- **TASK BRIEF**
Write the listing out again word for word, skipping each picture.

- **SUPPLIED MATERIAL**
━━━━━━━━━━━━━━━━━━━━━━━━━━━━━━
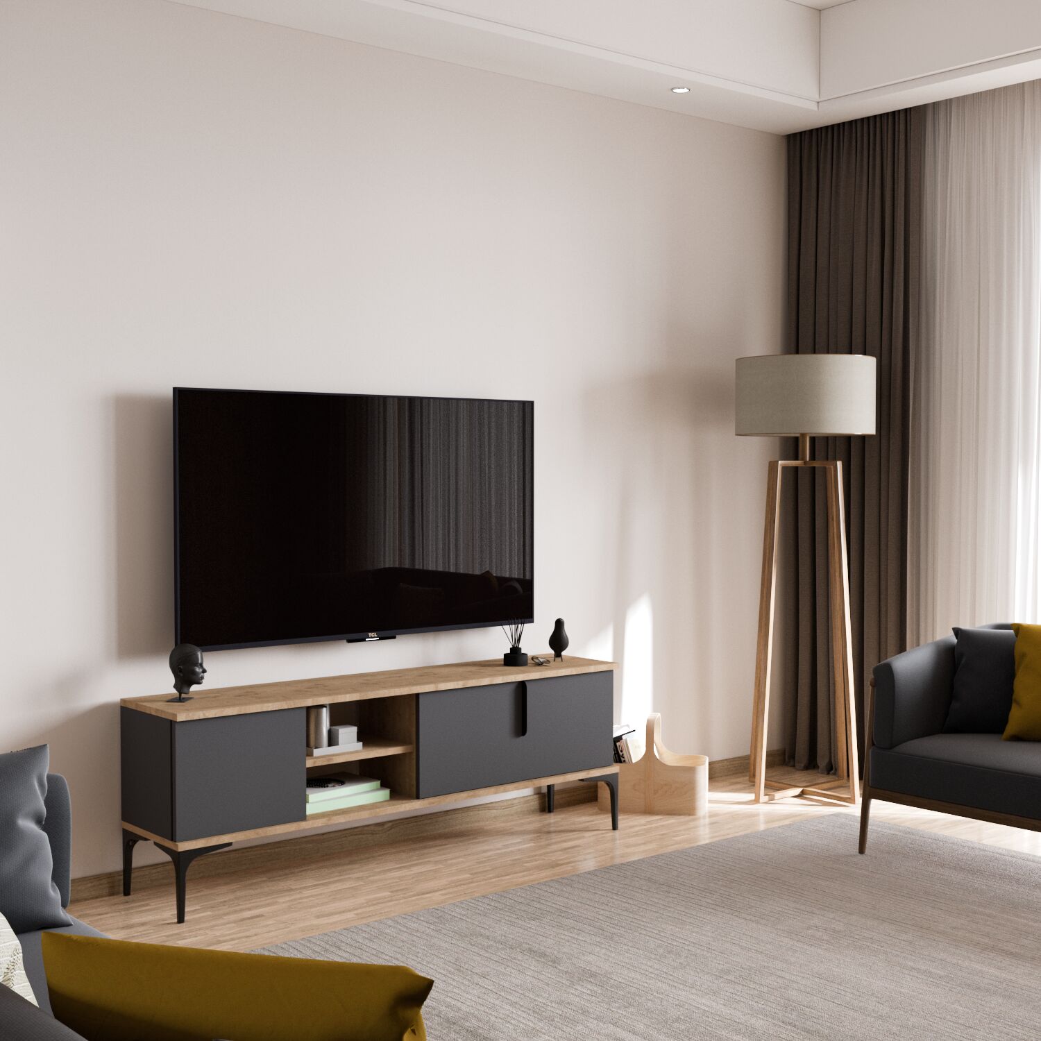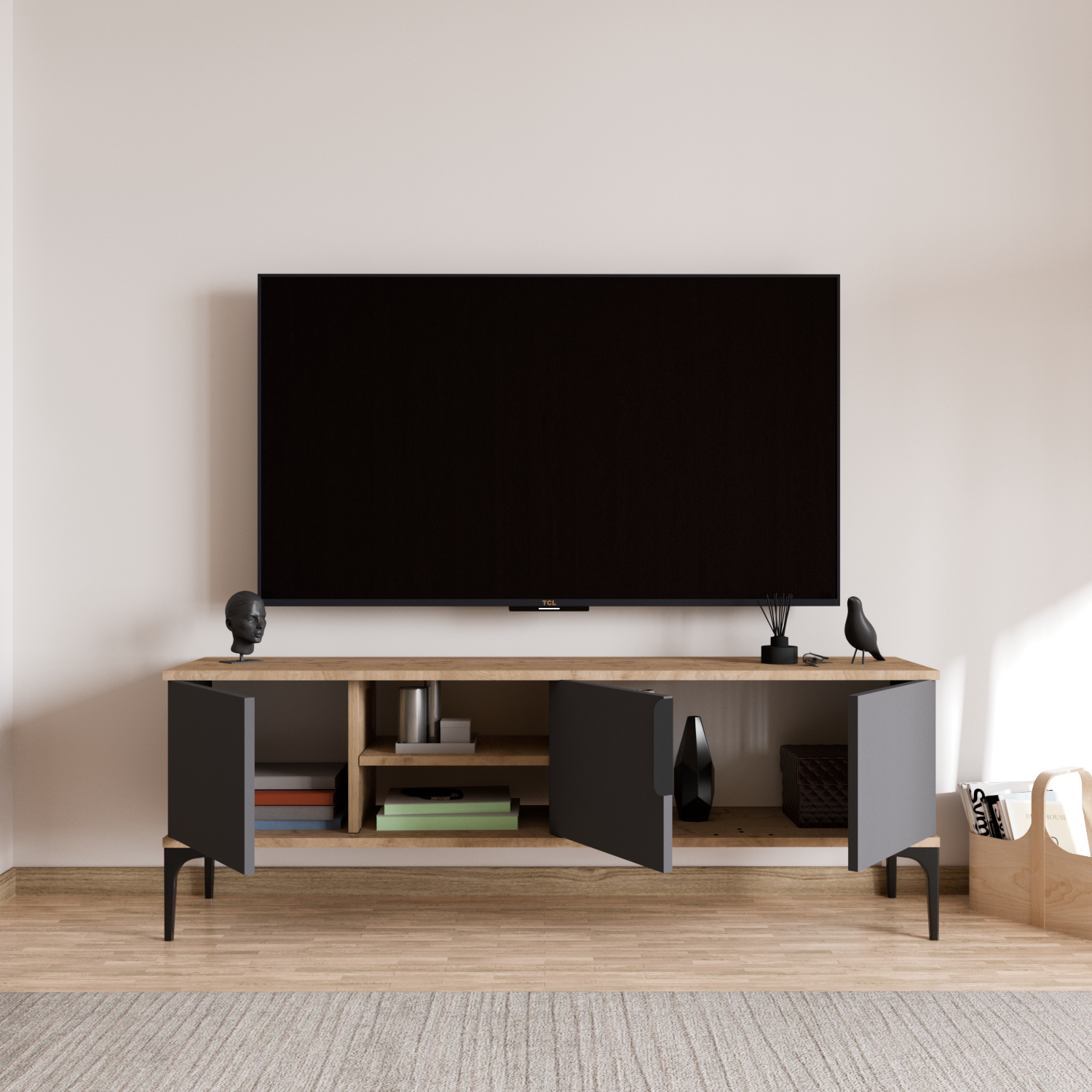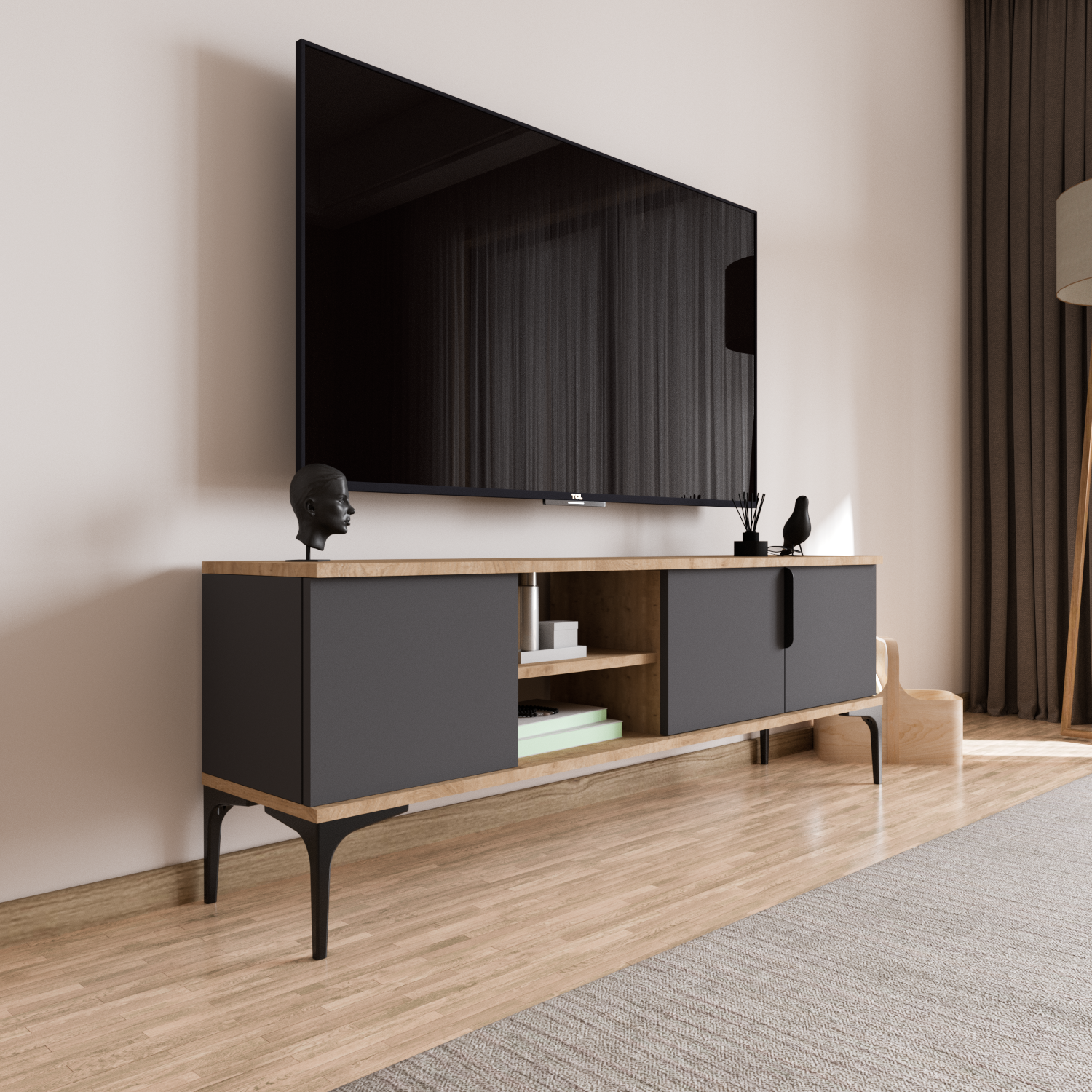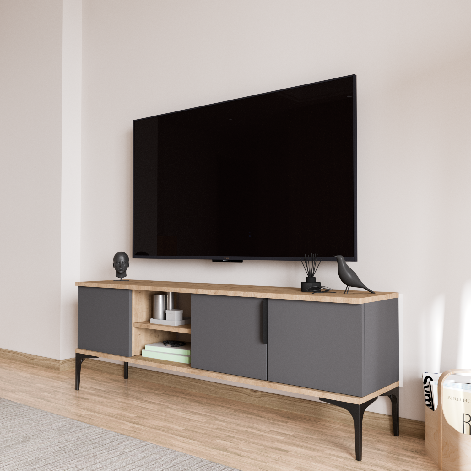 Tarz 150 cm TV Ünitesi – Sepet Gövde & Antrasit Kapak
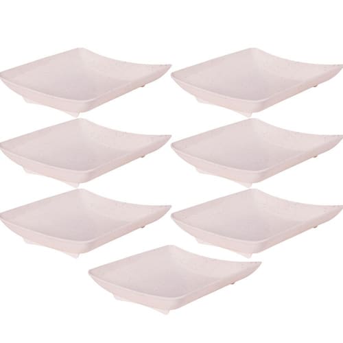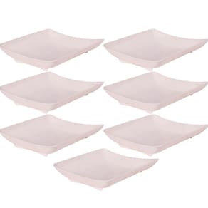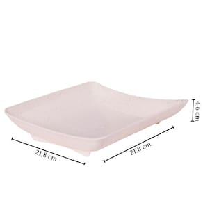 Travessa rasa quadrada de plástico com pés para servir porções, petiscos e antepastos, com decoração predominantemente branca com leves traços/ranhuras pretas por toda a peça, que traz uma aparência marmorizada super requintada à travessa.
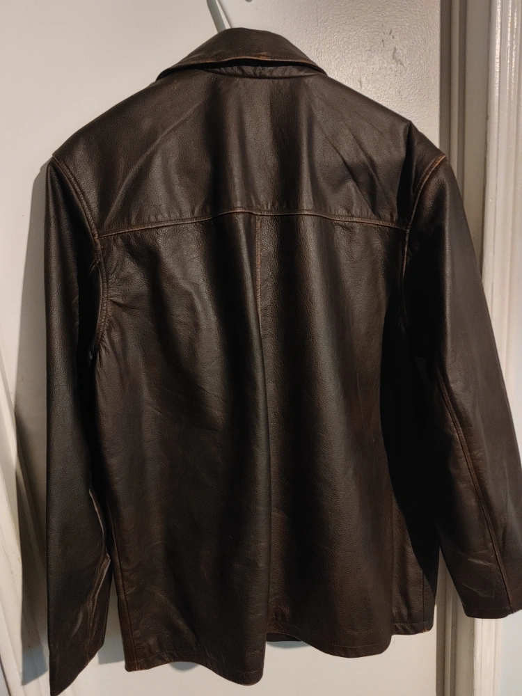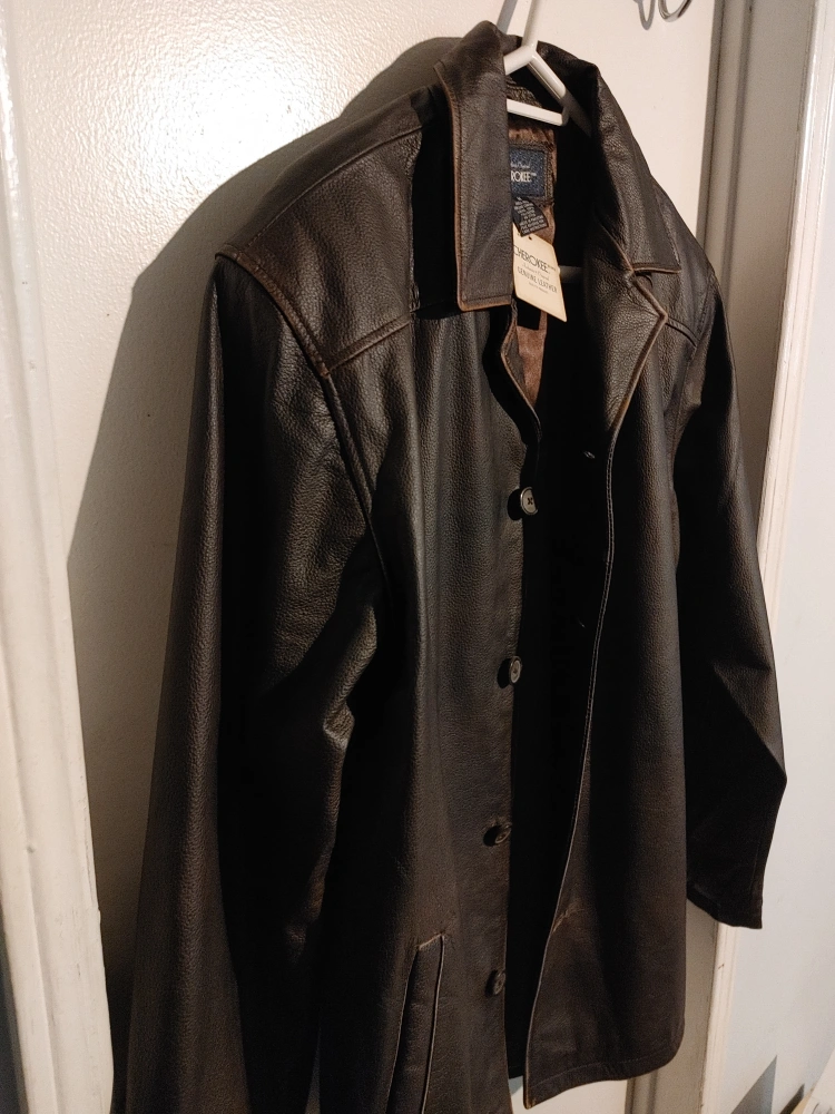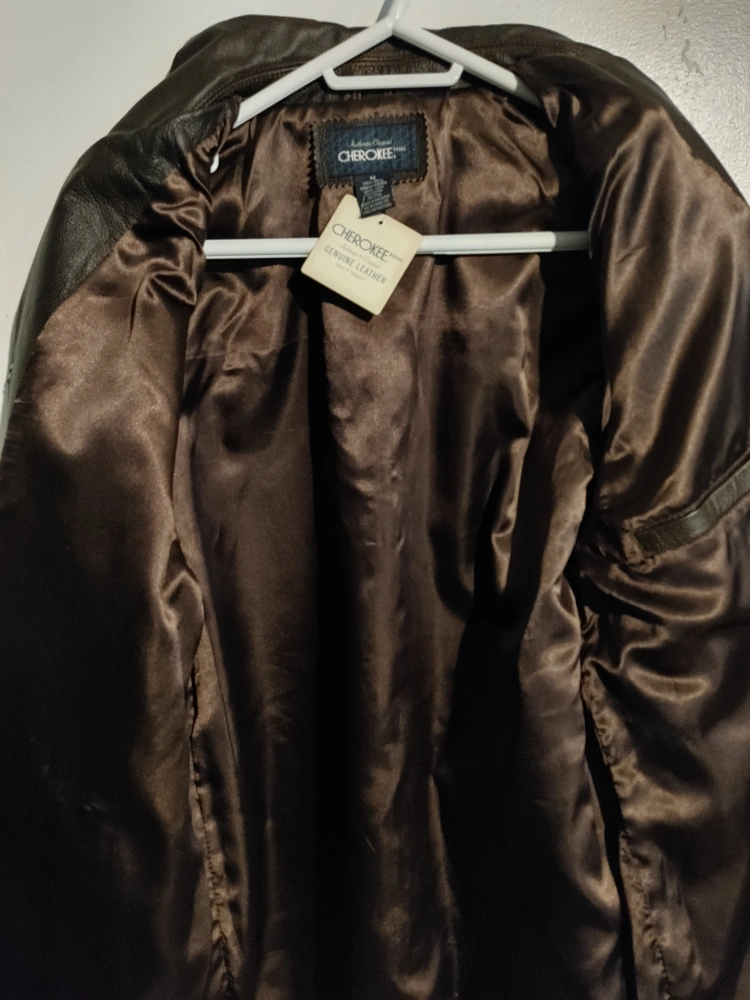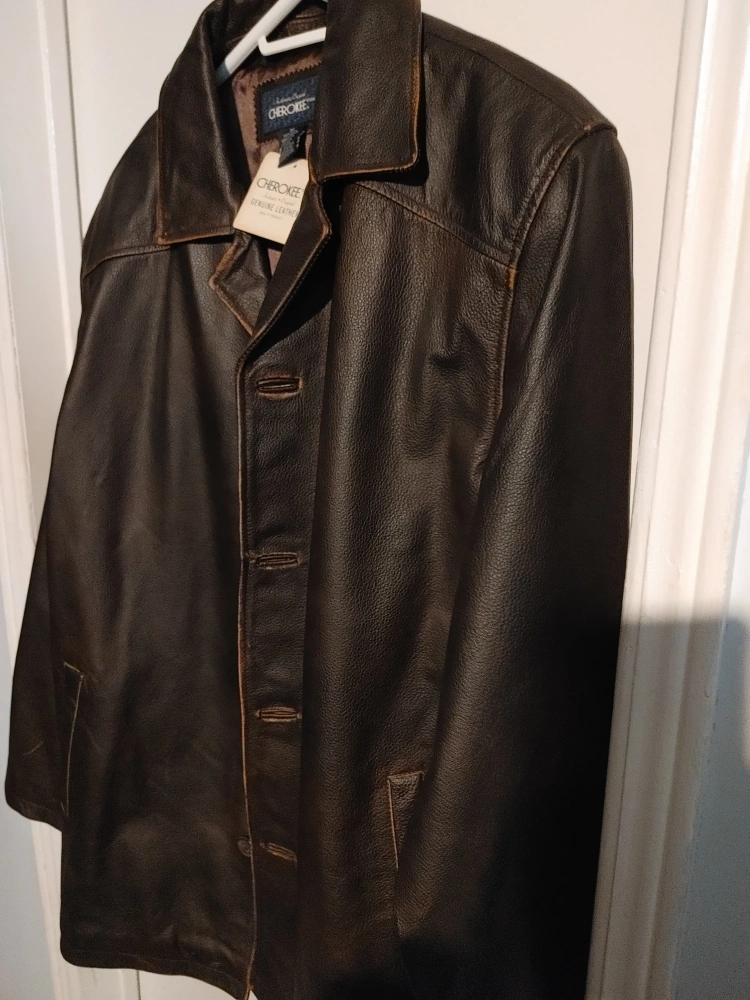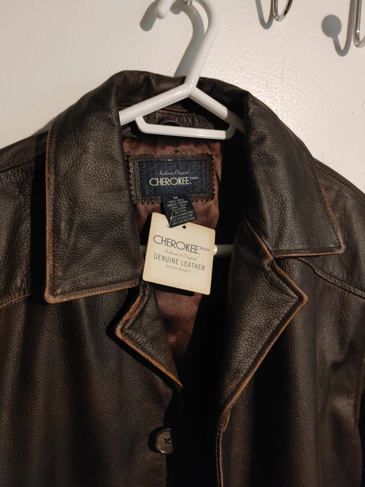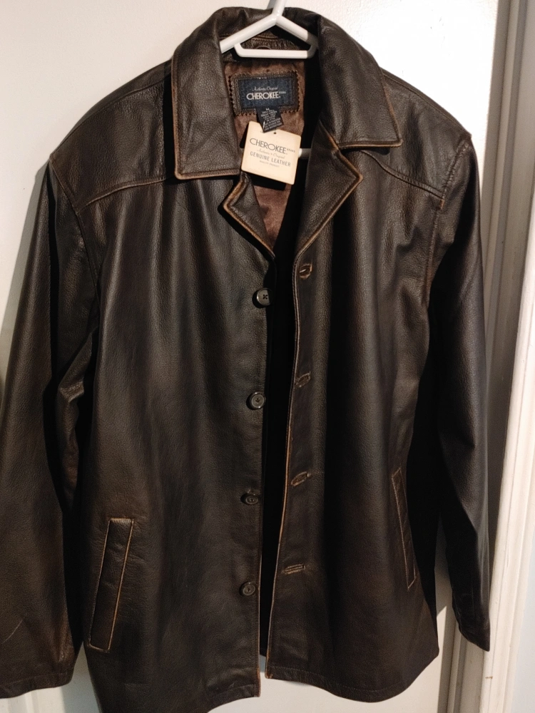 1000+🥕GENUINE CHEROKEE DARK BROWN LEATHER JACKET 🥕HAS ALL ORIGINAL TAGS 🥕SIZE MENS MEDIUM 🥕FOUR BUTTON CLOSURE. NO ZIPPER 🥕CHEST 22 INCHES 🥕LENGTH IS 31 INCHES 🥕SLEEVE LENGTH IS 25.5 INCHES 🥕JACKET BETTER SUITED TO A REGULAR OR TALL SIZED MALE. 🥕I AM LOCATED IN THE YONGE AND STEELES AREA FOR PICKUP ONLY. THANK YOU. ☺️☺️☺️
━━━━━━━━━━━━━━━━━━━━━━━━━━━━━━
- **OUTPUT FOR THIS TASK**
 Tarz 150 cm TV Ünitesi – Sepet Gövde & Antrasit Kapak
 Travessa rasa quadrada de plástico com pés para servir porções, petiscos e antepastos, com decoração predominantemente branca com leves traços/ranhuras pretas por toda a peça, que traz uma aparência marmorizada super requintada à travessa.
 1000+🥕GENUINE CHEROKEE DARK BROWN LEATHER JACKET 🥕HAS ALL ORIGINAL TAGS 🥕SIZE MENS MEDIUM 🥕FOUR BUTTON CLOSURE. NO ZIPPER 🥕CHEST 22 INCHES 🥕LENGTH IS 31 INCHES 🥕SLEEVE LENGTH IS 25.5 INCHES 🥕JACKET BETTER SUITED TO A REGULAR OR TALL SIZED MALE. 🥕I AM LOCATED IN THE YONGE AND STEELES AREA FOR PICKUP ONLY. THANK YOU. ☺️☺️☺️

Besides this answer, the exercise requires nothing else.